33 1/3
double nickels in the dime
Michael t. Fournier
Bloomsbury press

I’ve spoke and written about this series in the past where classic albums get dissected by fans. Ones I’ve appreciated have been takes on American hardcore classics from dead Kennedy’s, fugazi and jawbreaker. Whenever the words hardcore classic are joined together in an American music context then the minutemen cant be far away. They are a band I return to constantly their work ethic, their humility and the sadness of their story is one I identify with. I’ve no interest in the tales of sex and drugs and rock’n’roll. Music for me is an entertaining Avenue for change. When it’s made by people with honesty I’m ready to rally to their cause.

Hence the minutemens story is one that captures me. Hugely influential and always in touch with their hometown of San Pedro the minutemen finished when their guitarist D.Boon died in a car crash.

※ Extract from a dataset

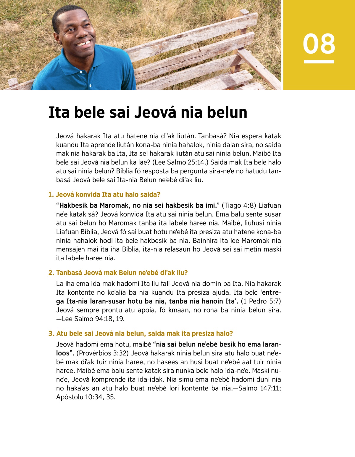 Jeová hakarak Ita atu hatene nia diʼak liután. Tanbasá? Nia espera katak kuandu Ita aprende liután kona-ba ninia hahalok, ninia dalan sira, no saida mak nia hakarak ba Ita, Ita sei hakarak liután atu sai ninia belun. Maibé Ita bele sai Jeová nia belun ka lae? (Lee Salmo 25:14.) Saida mak Ita bele halo atu sai ninia belun? Bíblia fó resposta ba pergunta sira-neʼe no hatudu tanbasá Jeová bele sai Ita-nia Belun neʼebé diʼak liu.

The fact that this classic record sees the band driving their economize truck right on the speed limit has no end of further sadness.

As their bass player Mike Watt says “Punk was a state of mind” and the minutemen certainly stuck to that. A 50 second song could have free jazz, rock, and whatever else you were having but deep down there was always a tune ready to burst free.

Being a band with a lot of songs this ended up appearing as a double album. When the band decided to sit down and go through the order of the songs each band member took a side of the record to choose. The final side being the ones left over. The book takes each side on song by song which gives a definite feel to the collection.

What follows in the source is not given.